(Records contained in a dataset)
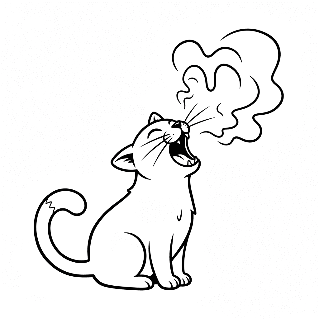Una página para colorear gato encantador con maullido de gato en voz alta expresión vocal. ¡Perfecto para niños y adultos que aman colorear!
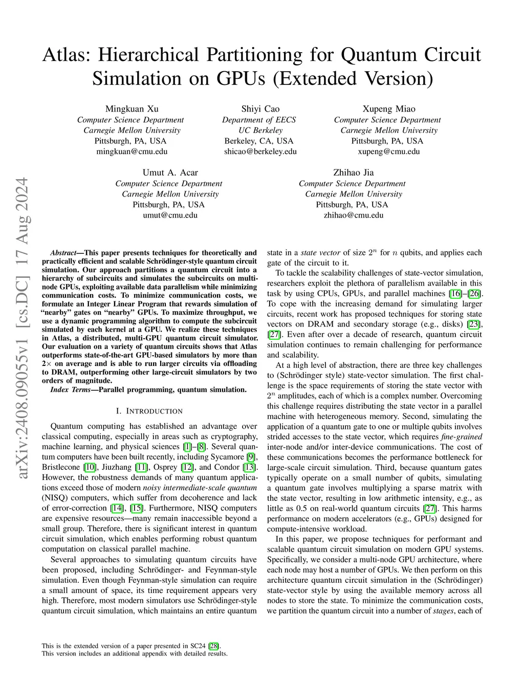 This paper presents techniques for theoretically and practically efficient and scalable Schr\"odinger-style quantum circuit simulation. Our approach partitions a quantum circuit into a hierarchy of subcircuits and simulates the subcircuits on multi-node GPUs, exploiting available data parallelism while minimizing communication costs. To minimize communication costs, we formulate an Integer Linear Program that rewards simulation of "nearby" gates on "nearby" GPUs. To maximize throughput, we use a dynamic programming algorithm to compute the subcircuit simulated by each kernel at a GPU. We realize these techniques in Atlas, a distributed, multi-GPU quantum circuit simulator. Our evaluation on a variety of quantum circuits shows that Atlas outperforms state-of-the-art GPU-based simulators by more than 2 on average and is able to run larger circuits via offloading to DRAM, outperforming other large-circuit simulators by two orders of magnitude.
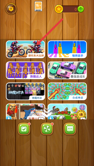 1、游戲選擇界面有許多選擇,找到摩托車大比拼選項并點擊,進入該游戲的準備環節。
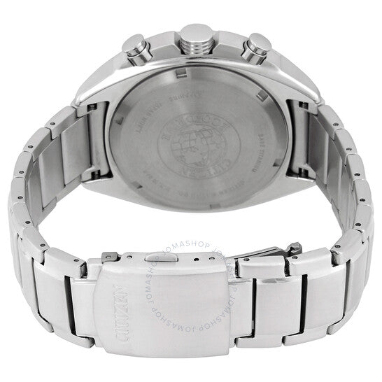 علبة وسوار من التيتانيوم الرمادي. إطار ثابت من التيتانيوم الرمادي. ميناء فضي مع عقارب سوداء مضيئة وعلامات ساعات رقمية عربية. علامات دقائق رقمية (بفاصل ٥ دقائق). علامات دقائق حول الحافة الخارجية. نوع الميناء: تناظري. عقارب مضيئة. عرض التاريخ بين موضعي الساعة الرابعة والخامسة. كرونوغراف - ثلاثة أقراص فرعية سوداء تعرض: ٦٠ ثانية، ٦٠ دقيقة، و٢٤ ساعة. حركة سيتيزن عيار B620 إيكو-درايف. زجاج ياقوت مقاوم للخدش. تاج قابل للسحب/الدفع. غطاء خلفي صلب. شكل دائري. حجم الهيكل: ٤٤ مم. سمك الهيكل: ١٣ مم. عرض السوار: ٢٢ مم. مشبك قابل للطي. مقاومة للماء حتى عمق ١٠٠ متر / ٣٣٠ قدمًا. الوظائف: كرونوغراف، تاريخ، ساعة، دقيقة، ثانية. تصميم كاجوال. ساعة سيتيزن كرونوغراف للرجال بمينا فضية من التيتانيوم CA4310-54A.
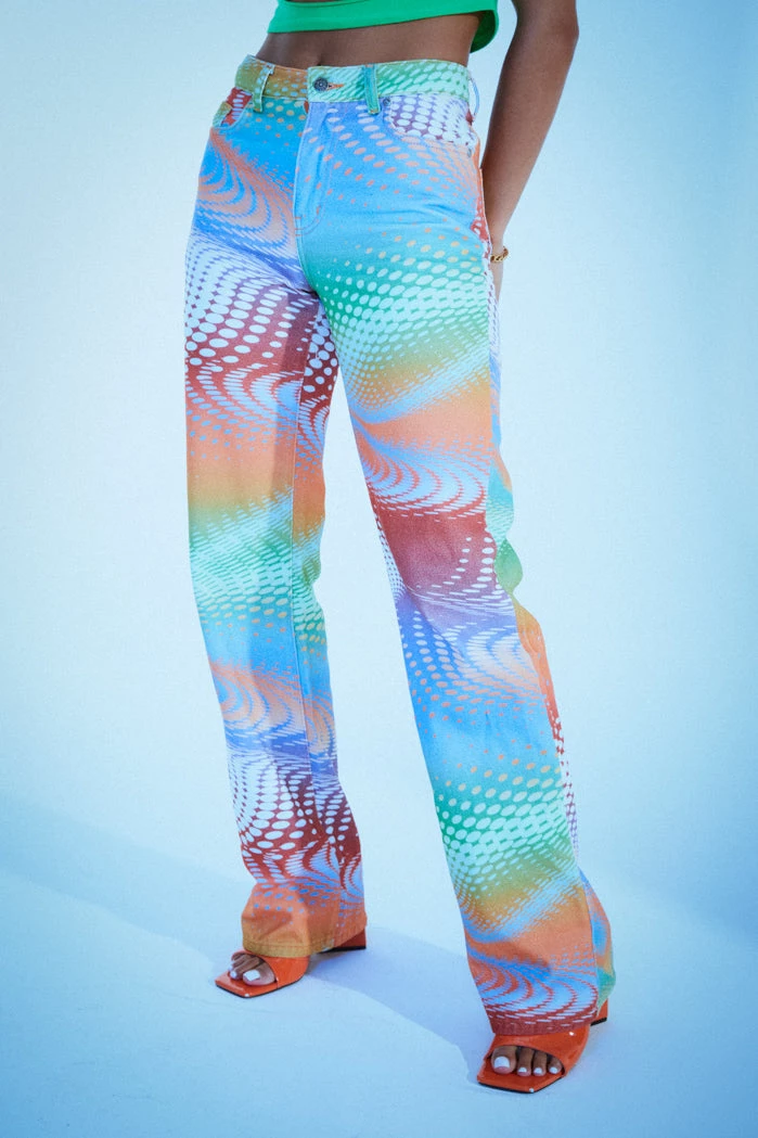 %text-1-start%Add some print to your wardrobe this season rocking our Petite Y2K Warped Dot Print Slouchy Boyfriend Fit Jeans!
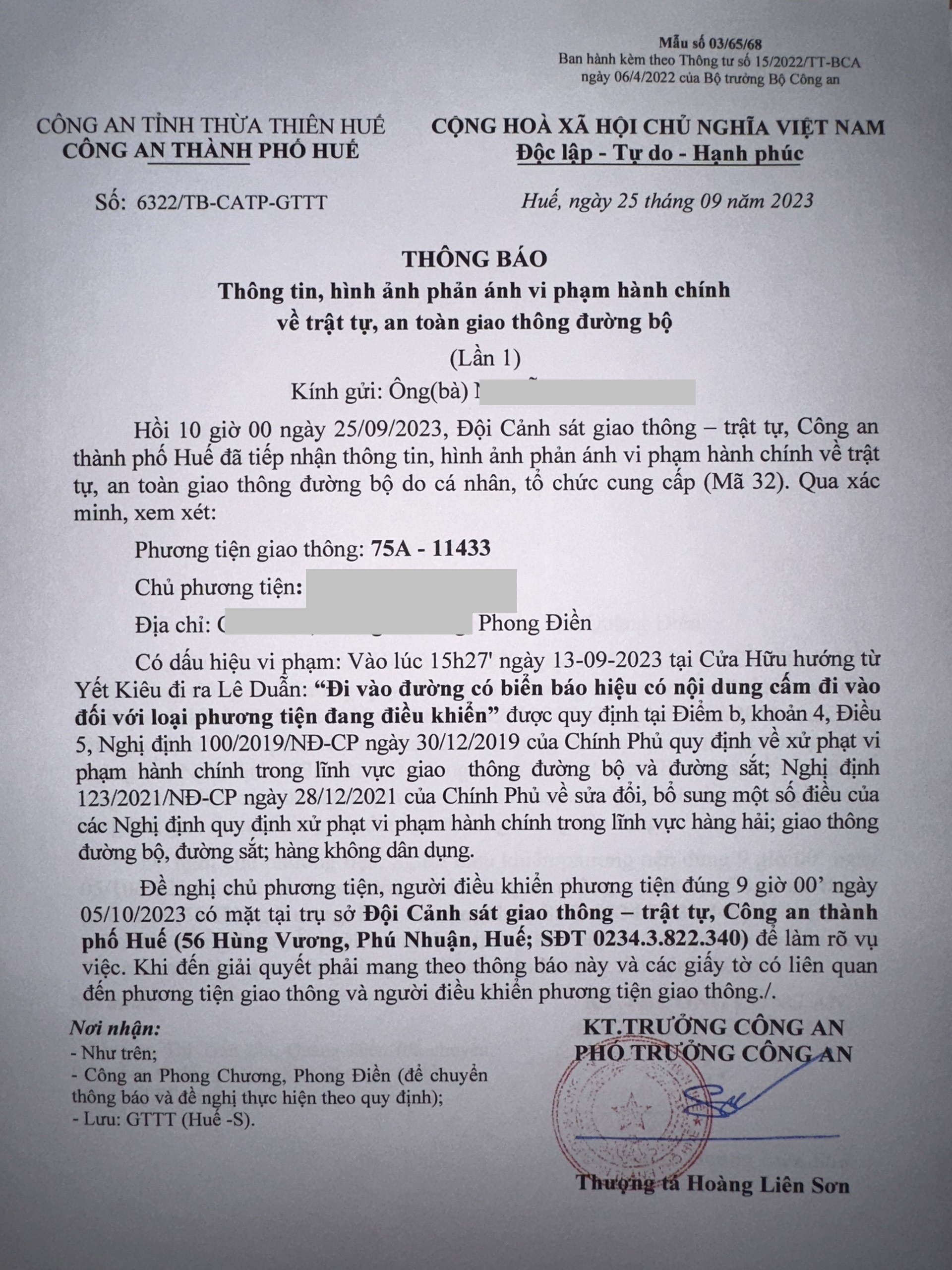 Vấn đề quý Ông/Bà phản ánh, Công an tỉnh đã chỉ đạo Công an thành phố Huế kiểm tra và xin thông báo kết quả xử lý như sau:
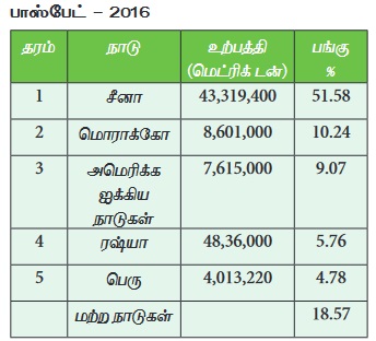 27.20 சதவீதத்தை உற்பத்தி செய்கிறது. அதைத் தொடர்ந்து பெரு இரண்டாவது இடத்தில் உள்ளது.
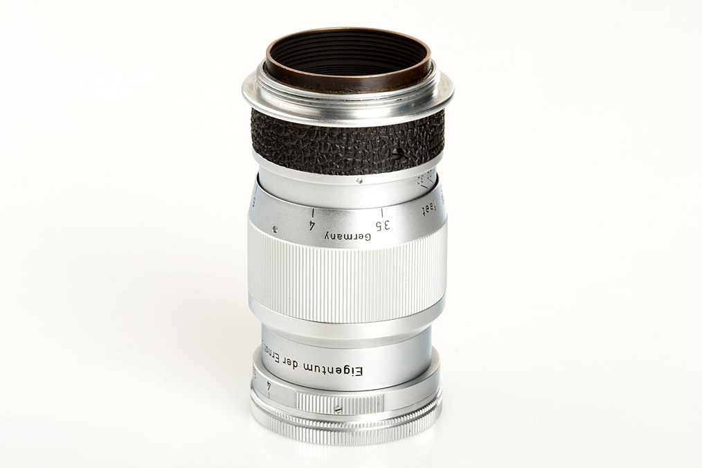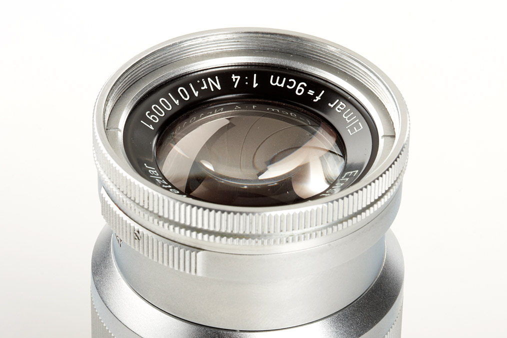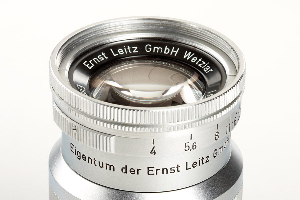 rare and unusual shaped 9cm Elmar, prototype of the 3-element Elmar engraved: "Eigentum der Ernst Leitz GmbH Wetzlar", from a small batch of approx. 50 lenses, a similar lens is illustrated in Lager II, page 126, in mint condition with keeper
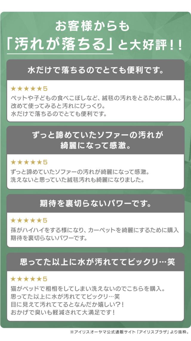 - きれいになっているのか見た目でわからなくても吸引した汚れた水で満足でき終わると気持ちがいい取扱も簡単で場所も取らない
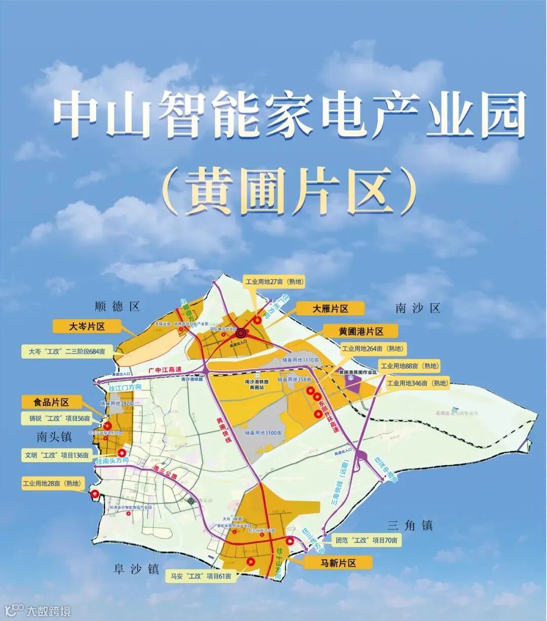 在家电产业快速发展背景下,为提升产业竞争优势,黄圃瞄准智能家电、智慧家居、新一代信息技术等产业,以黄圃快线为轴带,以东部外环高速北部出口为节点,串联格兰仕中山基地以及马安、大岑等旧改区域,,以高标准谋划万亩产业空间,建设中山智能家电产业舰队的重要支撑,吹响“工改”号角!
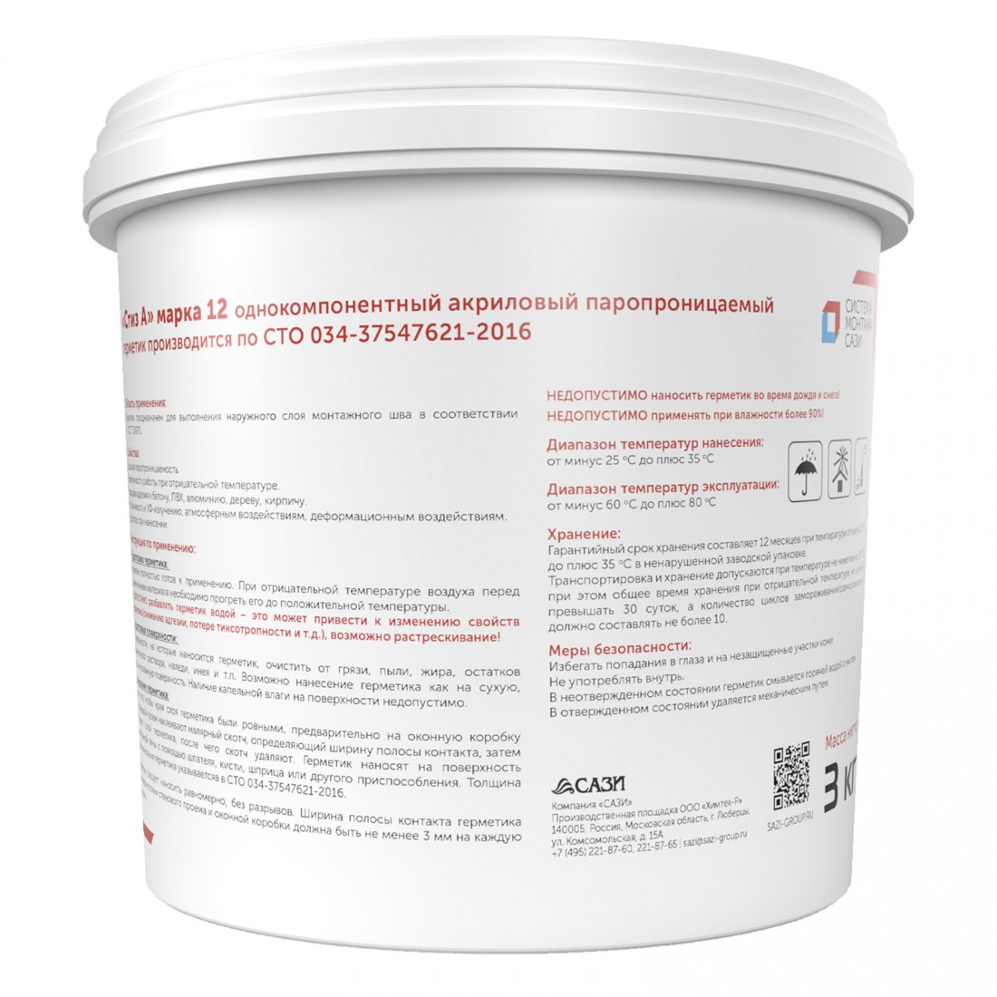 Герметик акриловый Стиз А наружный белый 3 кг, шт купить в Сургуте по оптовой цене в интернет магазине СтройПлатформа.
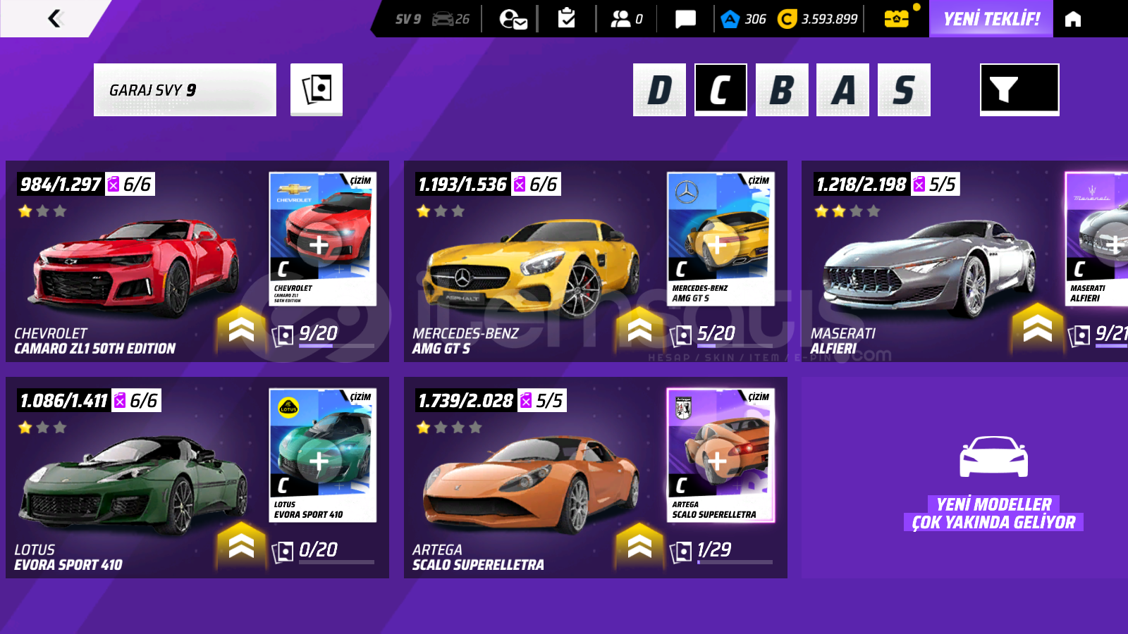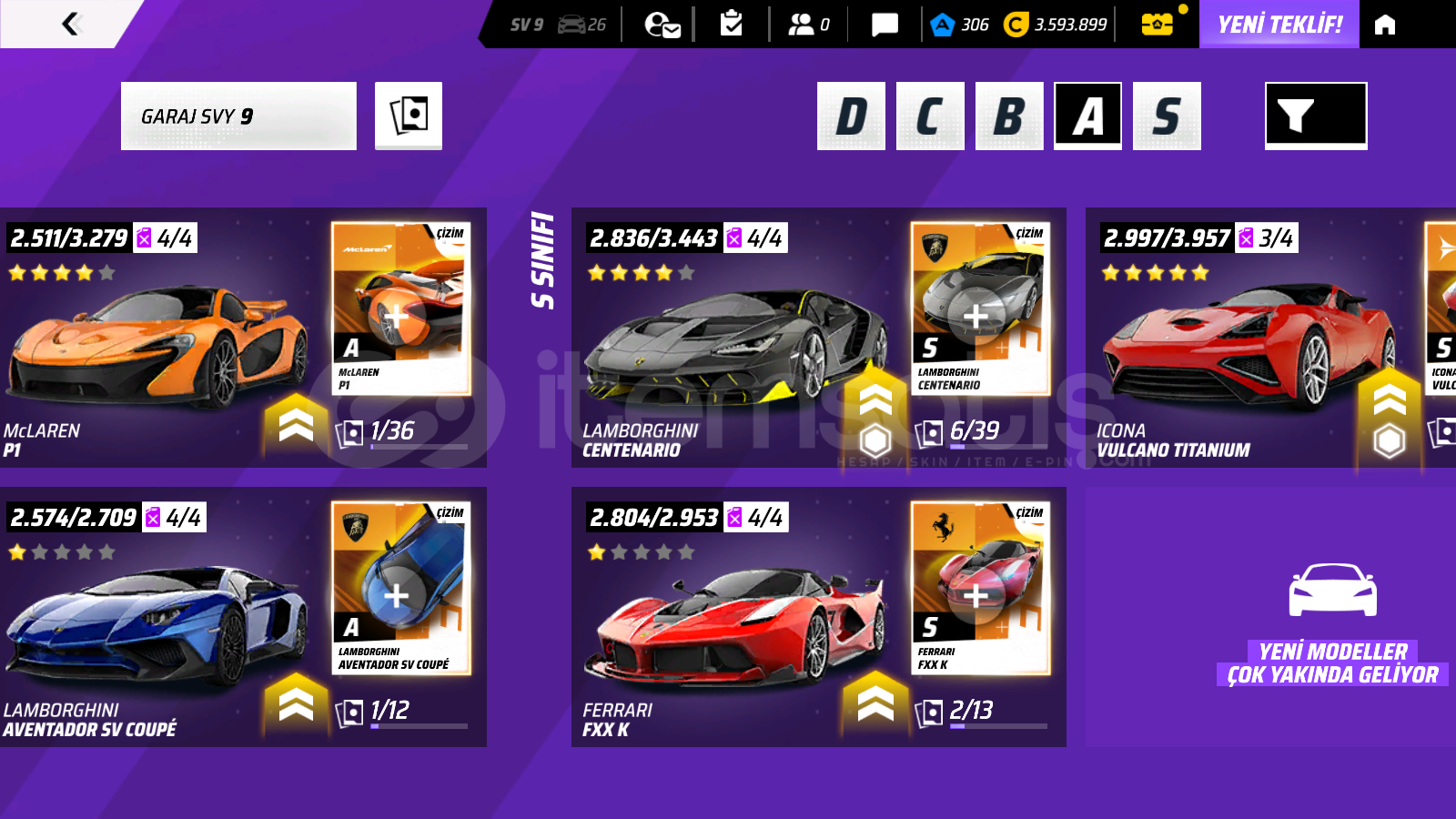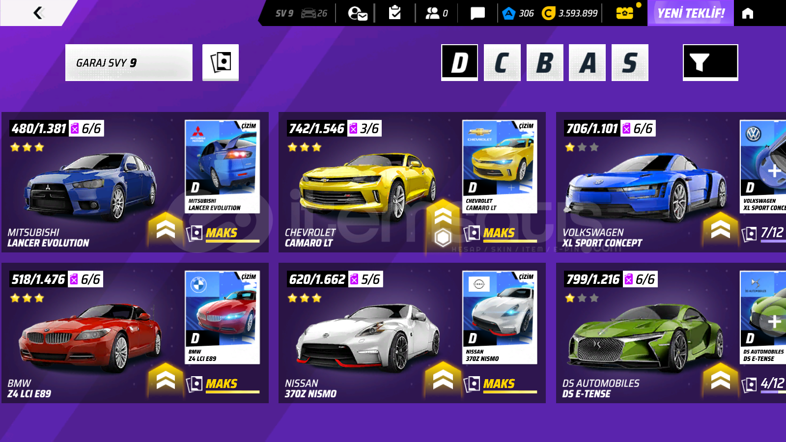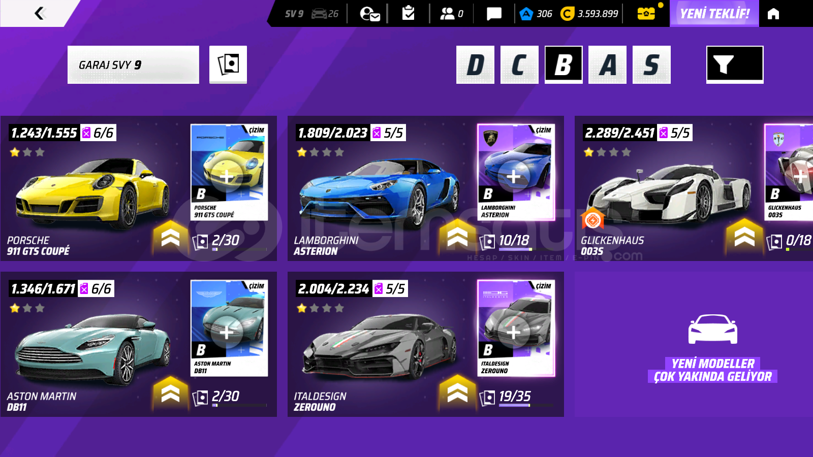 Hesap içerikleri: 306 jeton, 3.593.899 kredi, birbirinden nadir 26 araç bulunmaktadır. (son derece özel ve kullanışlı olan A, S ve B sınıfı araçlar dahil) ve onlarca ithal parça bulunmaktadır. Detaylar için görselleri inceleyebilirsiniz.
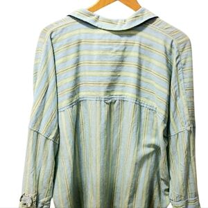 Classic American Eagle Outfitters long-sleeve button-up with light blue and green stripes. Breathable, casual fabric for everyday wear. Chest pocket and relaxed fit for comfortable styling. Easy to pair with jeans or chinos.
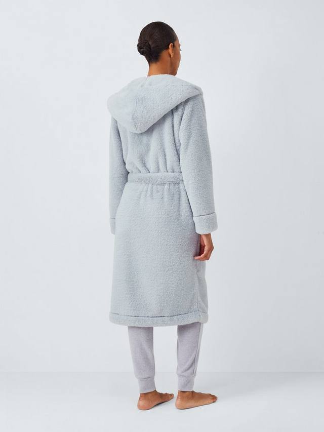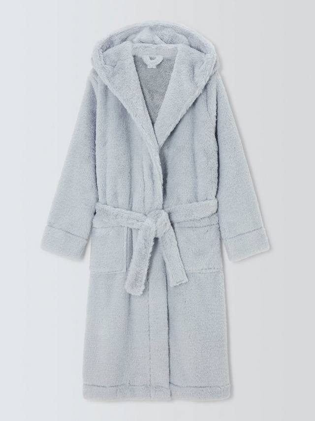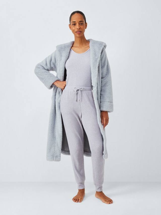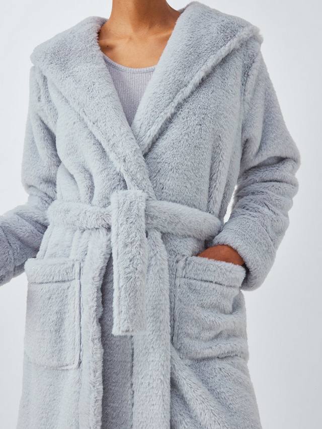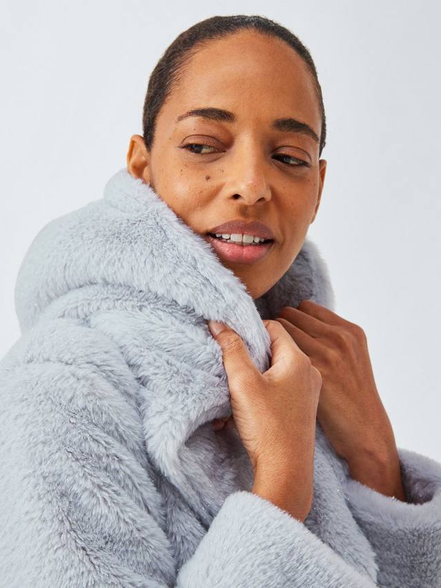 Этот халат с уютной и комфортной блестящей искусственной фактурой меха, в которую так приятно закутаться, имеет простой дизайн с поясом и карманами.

Directions for this task →
Copy exactly the lines from the line containing "Classic American Eagle" through the last line of the records above, both included, and leave out any pictures.

Exercise solution →
 Classic American Eagle Outfitters long-sleeve button-up with light blue and green stripes. Breathable, casual fabric for everyday wear. Chest pocket and relaxed fit for comfortable styling. Easy to pair with jeans or chinos.
 Этот халат с уютной и комфортной блестящей искусственной фактурой меха, в которую так приятно закутаться, имеет простой дизайн с поясом и карманами.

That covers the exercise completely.